About Quirino M. Sugon Jr
Theoretical Physicist in Manila Observatory

3 Responses to Pork Barrel System: Should we scrap it or do we have an alternative?

  1. It is great to hear the principle of subsidiarity invoked, as it is a Catholic principle, used in the old Catholic states. It is also a principle enunciated in leftist and liberal circles, simply because all things being equal, it has a chance of working when top-down decision making seems to have less. But here is something: are we sure that subsidiarity may be used with the best chance of success in a secular state, in any state save a Catholic one? Don’t people need the sacraments to make good decisions?–that’s how it seems to me. Just because a decision is made in a smaller group doesn’t mean that original sin can’t mess it up. Greed, anger, lust, they all appear in the smallest of social units. You know what psalm 127 says: “Except the Lord build the house, they labour in vain that build it: except the Lord keep the city, the watchman waketh but in vain.”

    And so the Church always wished for the Catholic religious state to solve the many problems, including the pork barrel. Quas primas was Pius XI answer to the pork barrel, which Vatican II relinquished in favor of the secular state. I think subsidiarity alone, with the help afforded by justice to God in a state dedicated to His honor, cannot solve the problem, although I know and sympathize that short of calling for the religious state, it is the best cry we can raise.

    Hello and prayers at mass from Chicago!

  2. Angelo Perez says:

    It’s nice to hear that you are entering the pork barrel debate, Sir.
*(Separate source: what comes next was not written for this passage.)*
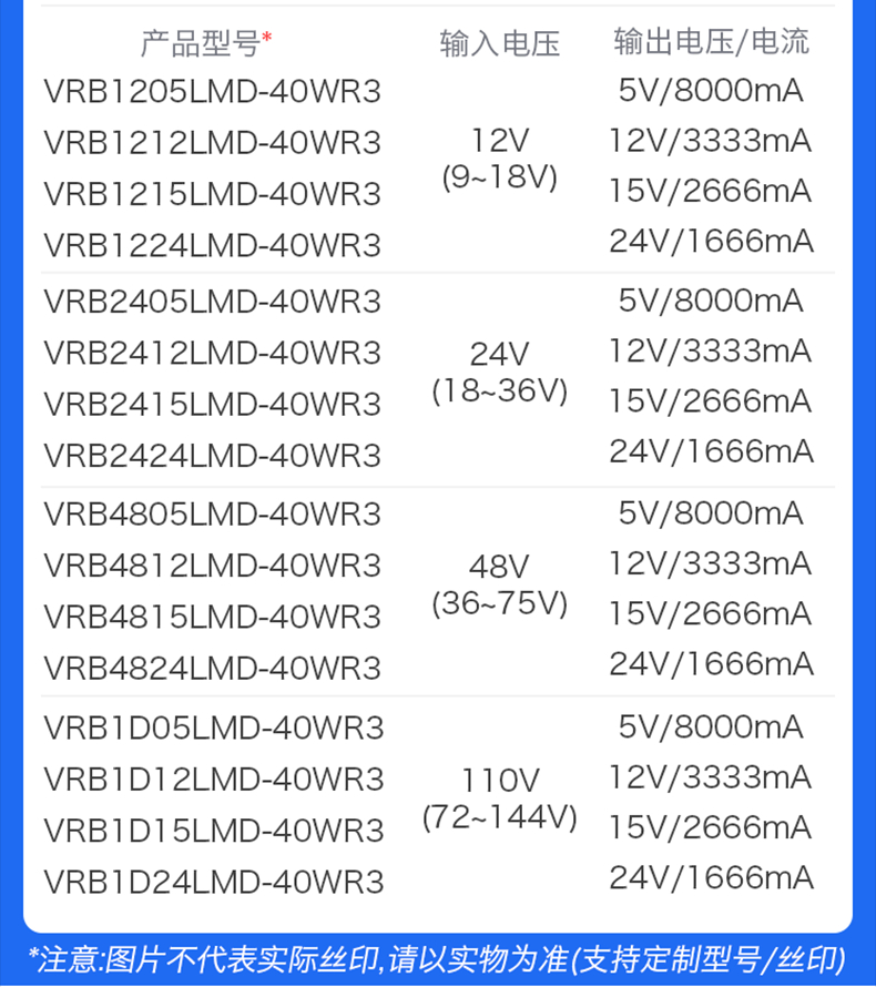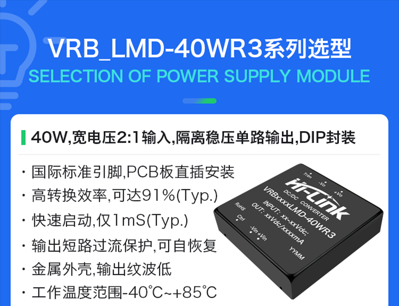 VR(A)B_LMD-40WR3 系列產(chǎn)品輸出功率爲(wèi) 40W,2:1 寬電壓輸入範(fàn)圍,效率高達(dá) 91%,1500VDC 的常規(guī)隔離電壓,允許工作溫度-40℃C to +85℃,具有輸入欠壓保護(hù),輸出過(guò)壓、過(guò)流、短路保護(hù)功能,裸機(jī)滿(mǎn)足 CISPR32/EN55032CLASSA,廣泛應(yīng)用於醫(yī)療、工控、電力、儀器儀表、通信、鐵路等領(lǐng)域。
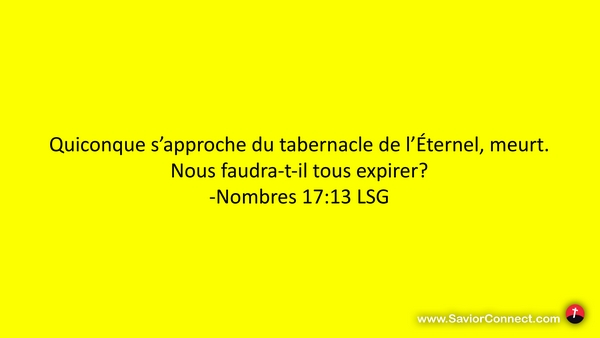 Quiconque s'approche du tabernacle de l'Éternel, meurt. Nous faudra-t-il tous expirer? -Nombres 17:13 LSG

I’m interested as to the current state of that debate. Of course, one way of abolishing the pork barrel would be through legislation, which Congress, with so many members loving their money, might not pursue. We say that pork barrel could be a form of corruption on the part of congressmen. How about if the money is transferred to the LGU leaders? I hope that PDAFs would be handles prudently at the local level.

    I’m also interested in the present system of auditing the PDAFs of the congressmen and how they’ve been used. Wasn’t it mentioned in the news that SALNs become mandatory for congressmen? I wonder what happened to former chief justice Corona’s exhortation for public leaders to reveal their SALNs.

    Lastly, I’ve heard (from you) that the Ang Kapatiran does not support the pork barrel. What would be its platform and form of action regarding the pork barrel? If not scrap it, what could be the alternative? I’m under the impression that this blog post is your personal take on the issue.

    Thanks, Sir.

  3. Quirino M. Sugon Jr says:

    Hi White Lily,

    We ultimately have to work for a Catholic state. For now, we first need to work for a secular state that is permeated by Catholic values.